Had the two days of rest in my workout cycle and then hit the weights last night. I was on the road so had to use what was available in the hotel. It was actually a pretty descent workout. They had a full set of dumbbells and a pulley machine. I was able to find a suitable replacement for all the exercises in my normal upper routine. Some of the weights were on the light side so I upped reps and sets. I got a very good pump. My vascularity is through the roof. My arms and calves are always pretty vascular, but they well beyond my norm. I'm even starting to see some in my quads, which is definitely new.

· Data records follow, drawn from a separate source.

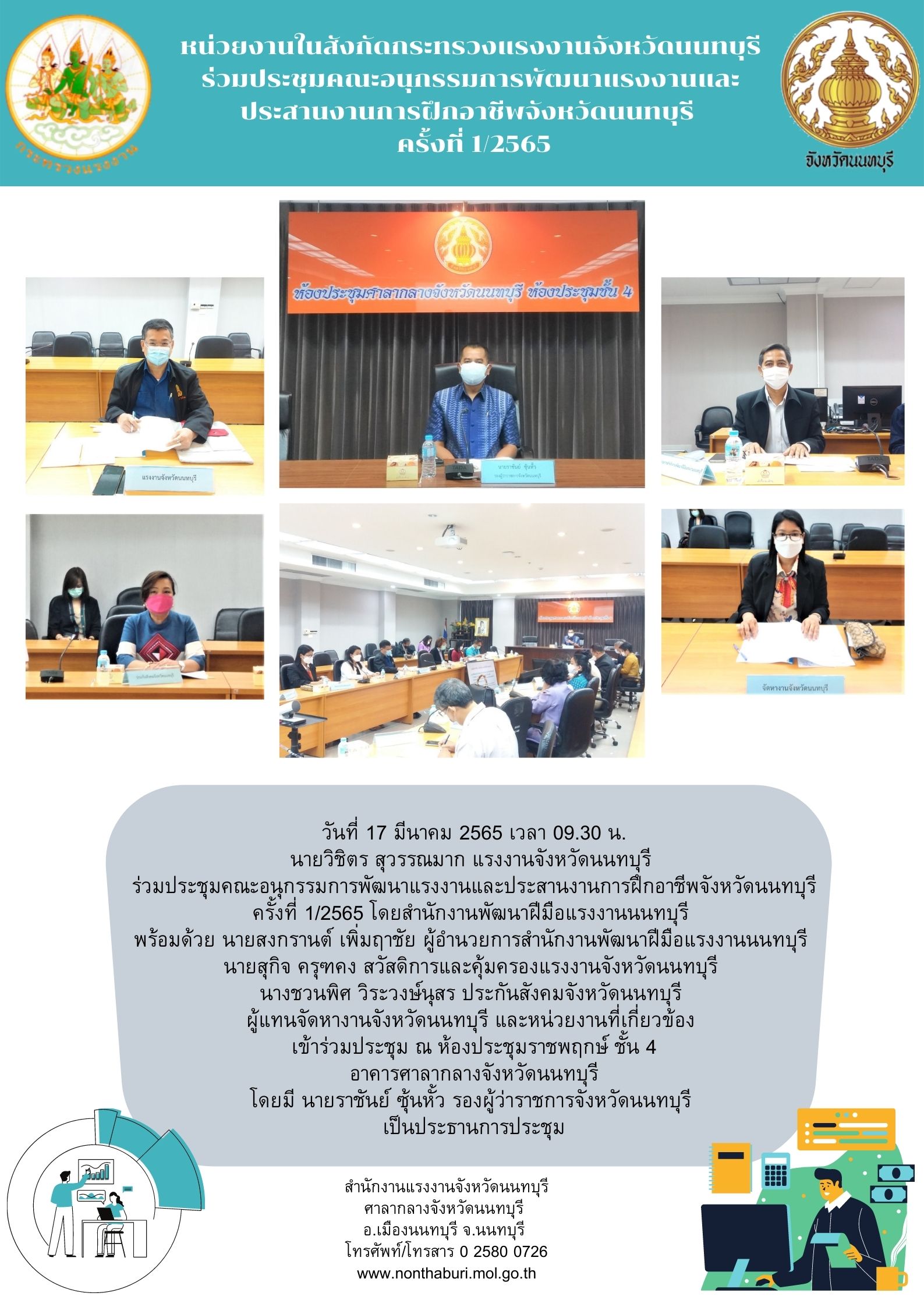 วันที่ 17 มีนาคม 2565 เวลา 09.30 น.นายวิชิตร สุวรรณมาก แรงงานจังหวัดนนทบุรี ร่วมประชุมคณะอนุกรรมการพัฒนาแรงงานและประสานงานการฝึกอาชีพจังหวัดนนทบุรี ครั้งที่ 1/2565 โดยสำนักงานพัฒนาฝีมือแรงงานนนทบุรี พร้อมด้วย นายสงกรานต์ เพิ่มฤาชัยผู้อำนวยการสำนักงานพัฒนาฝีมือแรงงานนนทบุรี นายสุกิจ ครุฑคงสวัสดิการและคุ้มครองแรงงานจังหวัดนนทบุรี นางชวนพิศ วิระวงษ์นุสร ประกันสังคมจังหวัดนนทบุรี ผู้แทนจัดหางานจังหวัดนนทบุรี และหน่วยงานที่เกี่ยวข้อง เข้าร่วมประชุม ณ ห้องประชุมราชพฤกษ์ ชั้น 4 อาคารศาลากลางจังหวัดนนทบุรี โดยมี นายราชันย์ ซุ้นหั้ว รองผู้ว่าราชการจังหวัดนนทบุรี เป็นประธานการประชุม
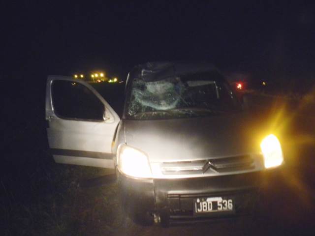 Una camioneta marca Citroën, conducida por un hombre de apellido Pujol embistió a un equino cuando transitaba sentido Sur-Norte, en la noche del jueves, sobre Ruta Nac. 12 en el acceso sur de Goya, el conductor relato a cronistas de TNGOYA, que nada pudo hacer ya que dos equinos se les atravesaron al frente y a uno no pudo esquivar y terminaron chocando. Afortunadamente solo se registró daños materiales, en el rodado en la parte derecha, con rotura del parabrisas y abolladura en la parte del techo. IMÁGENES
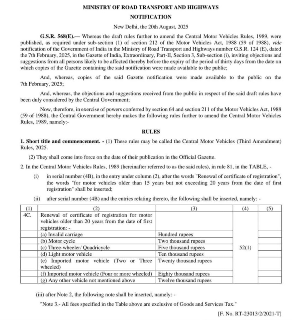 In a major relief to vehicle owners across the country, the Ministry of Road Transport and Highways has notified that vehicles older than 15 years will now be allowed to remain on roads for an additional five years, subject to renewal of registration. Vehicle owners will have to pay a prescribed fee for the extension of registration.
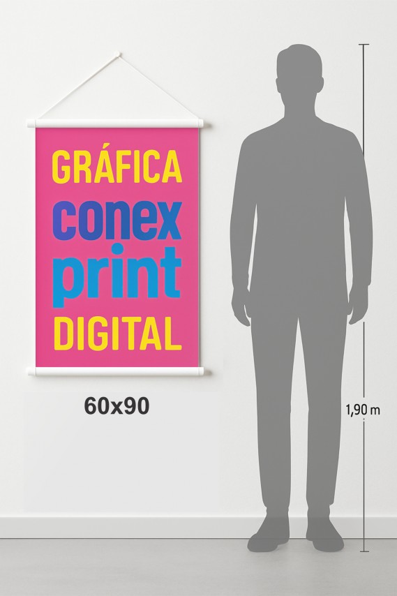 Papel / Material: Lona fosca 440g + bastão e barbante
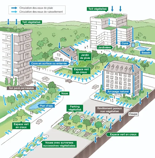 • les noues végétalisées et les jardins de pluie, véritables îlots de végétation aménagés en ville pour favoriser l’infiltration de l’eau dans le sol et contribuer à la protection contre les îlots de chaleur urbains ;
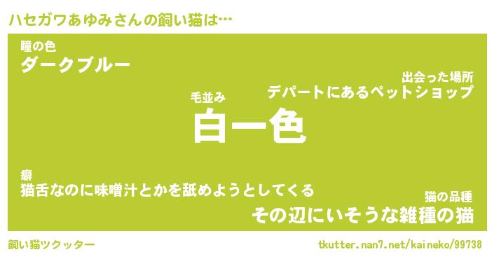 | ツイッター | ハセガワあゆみさんのツイッターID『konnyaku_star』 |
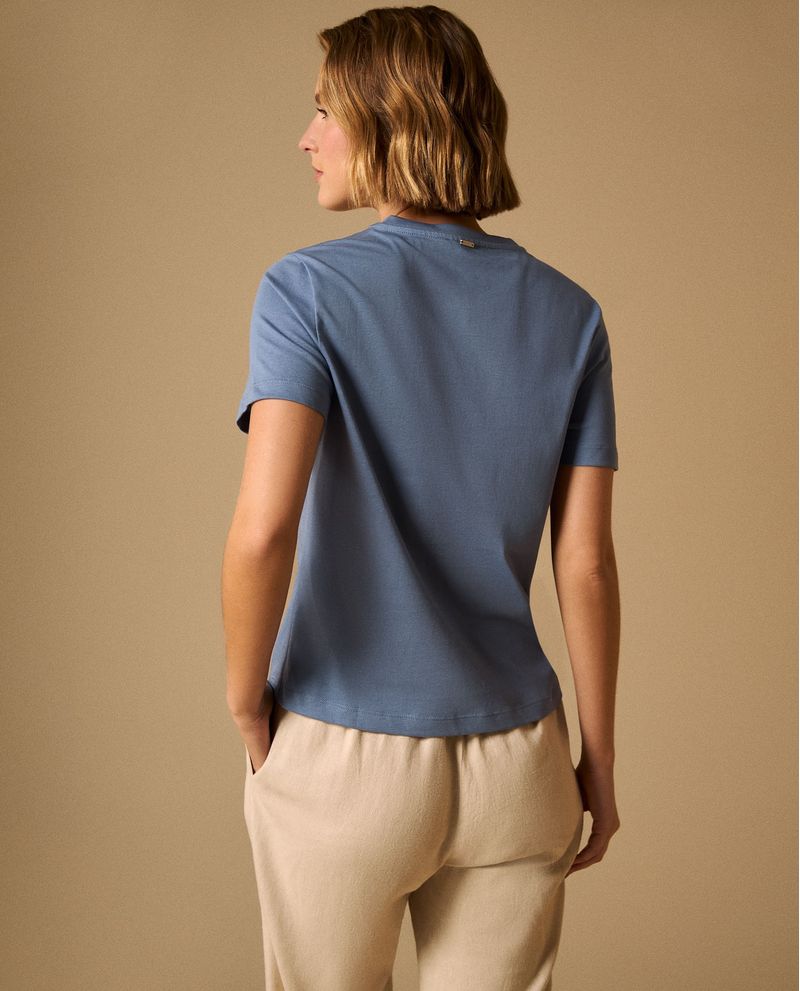 Camiseta Blanca con Bordado en Encaje Camiseta blanca con bolsillo bordado en encaje que aporta textura y sofisticación a tus básicos. Su corte regular se adapta cómodamente mientras que el detalle artesanal la convierte en una pieza distintiva para uso diario y ocasiones especiales. ¿Cómo se siente? Suave al tacto gracias al algodón natural, con una caída fluida que se mueve contigo. El bordado añade una textura delicada que se aprecia tanto visual como táctilmente. ¿Cómo es el fit y para quién es ideal? Corte regular que sienta bien en todo tipo de siluetas, con largo que permite usar tanto por dentro como por fuera. La manga corta cae naturalmente sin ajustar en exceso. ¿Cómo usarlo? Para el día a día, combínala con jeans y zapatillas blancas, añadiendo un blazer cuando necesites un look más pulido. En ocasiones casuales elegantes, úsala con pantalones de vestir y un cardigan ligero. Para fines de semana relajados, combínala con shorts de lino y sandalias, completando con una chaqueta denim para las tardes frescas. ¿Por qué lo necesitas? Porque el bordado artesanal en encaje genera ese detalle diferenciador que buscan quienes valoran la calidad. Un básico que se distingue por su trabajo manual único. ¡Descubre esa textura artesanal hoy mismo!
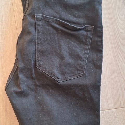 Lee dongeribukse, sort, str. 28/33, smal modell, selges. Brukt kun få ganger, er som ny. Kan sendes om kjøper betaler frakt.
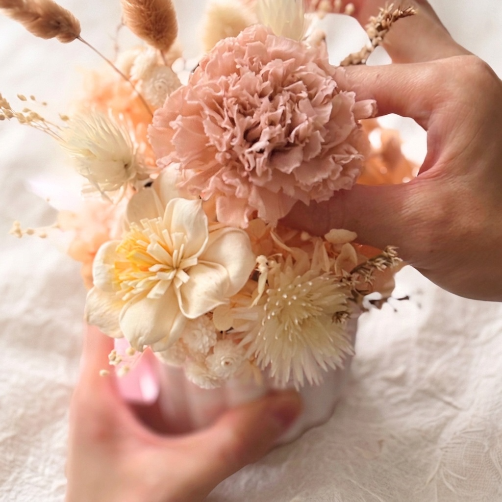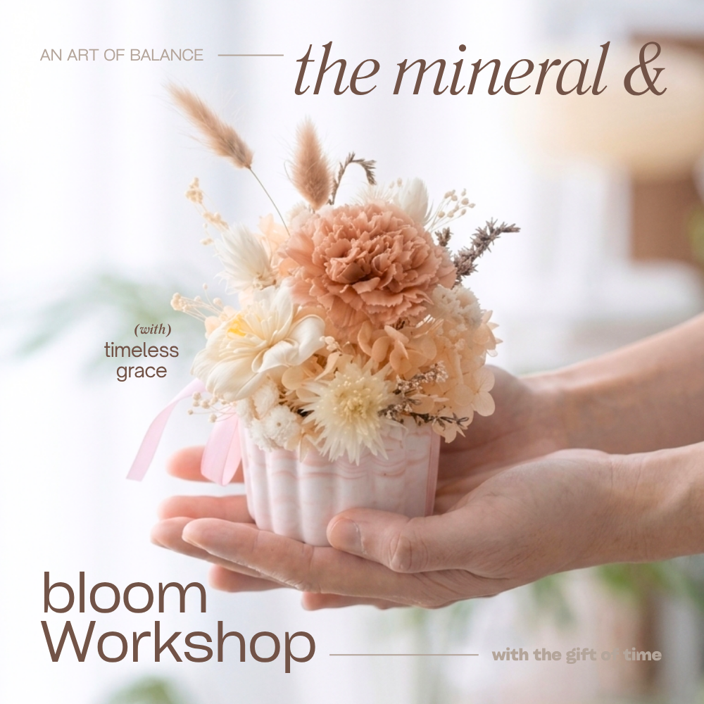 在這 3 小時的慢活時光裡,我們將溫潤礦石與永生花藝揉合於掌心

I'm still very impressed with my mood and intensity in the gym. Sides are very minimal. On my two days rest I got a very little feeling of some like anxiety in my chest. Not sure how to describe it. It was the feeling I've experience the first day or two on an EC stack, that stim effect I guess. It never got bad, but worth noting.


----------



## satisfaction1822 (May 12, 2014)

I'm glad its going well for you keep it up


----------



## YorkBarbell (May 13, 2014)

Got in a great lower workout on Sunday night. Been doing a lot of traveling so I can't always hit the exact same routine. That didn't stop me from hitting it hard. I'm still very impressed with how feel in the gym and progress is non-stop. Legs, chest, arms all feel significantly fuller. 

I'm coming up on the end of two weeks on the stack. Side effects appear to be minimal at most and tons of up side so far. I'm up 6.8 pounds and no sign of bloating or my waist increasing although I have to assume a good piece of that is water weight, food in transit, etc. Over the last 7 days I've hit 2950 calories with a target of 3000. Close, but not quite. I'll stay focused on hitting those last few calories. Macros average are 175g protein, 285g carbs and 125g fat. I need to shift some of that fat to protein. I want 200g protein.


----------



## CHEZ (May 17, 2014)

Very nice bro!! Your making excellent progress. This is when the cycle gets truly awesome so KILL IT BROTHER!


----------



## YorkBarbell (May 18, 2014)

I had a truly awesome Upper workout tonight. Everything felt so perfect. I hot top of the rep range on most of the exercises, so weights will be advancing next time around on many of them. My bench press is in new territory at this rep range. 

Here's tonight's routine

Bench press - 3 x 10
DB Row - 3 x 12
OHP - 2 x 10
Pull downs - 2 x 15
Incline DB Press - 2 x 15
Reverse Flys - 2 x 13
Lateral Raises - 2 x 14
Rev Grip Pushdowns - 2 x 15
Poundstone Curls - 1 x 65


I felt supper pumped after the workout. Now I can't wait for the next workout.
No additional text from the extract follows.